For testing purposes it makes sense in these examples to construct the
attributes directly using new SomeAttribute(). Now with this proposal, you
need to be careful and know from the outside, when that is possible, or
when you need to call it through ReflectionAttribute::newInstance(). The
coupling becomes very strong suddenly.

When you create the attributes yourself and without calling newInstance(),
then the method does not work at all:

$class = $reflectionAttribute->getName();
new $class(…$this->getArguments())); // ReflectionAttribute::getCurrent()
returns null in this ctor.

This is something the RFC is not clear about fully. There is the definition
of an „attribute constructor“, but a constructor of an Attribute can be
called many ways.
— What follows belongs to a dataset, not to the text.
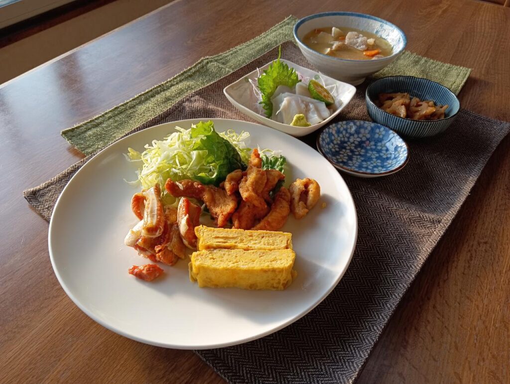 おかず盛り合わせは、スティックチキンの唐揚げ、紅鮭ハラス焼き、出汁巻き卵の

This proposal is about the ctor only when called through
newInstance().

I propose instead that we extend the newInstance() factory method, to be
more versatile, and use the benefit here that we already have a factory
method where we can place this logic:

<?php

interface ReflectionAwareAttribute
{
     public function targetsReflector(Reflector $reflector);
}

class ReflectionAttribute
{
    public function newInstance()
    {
        $class = $this->getName();
        $instance = new $class(...$this->getArguments());

        if ($instance instanceof ReflectionAwareAttribute) {
            $instance->targetsReflector($this);
        }

        return $instance;
    }
}

This is much cleaner OOP wise.


   1. Increases testability of attribute classes that are reflection aware,
   only need a Reflector instance, no need to have actual attribute example
   set up.
   2. Uses the existing factory method to concentrate the construction
   logic into one place.
   3. avoids static method call with unclear semantics on when
   „getCurrent()“ returns something.
   4. if a user of attributes has to avoid newInstance() (for whatever
   reason), they can call targetsReflector() themselves. There is no way to
   „setCurrent()“ reflector however, hiding part of this new behavior in the
   engine, where it could be 100% user controlled.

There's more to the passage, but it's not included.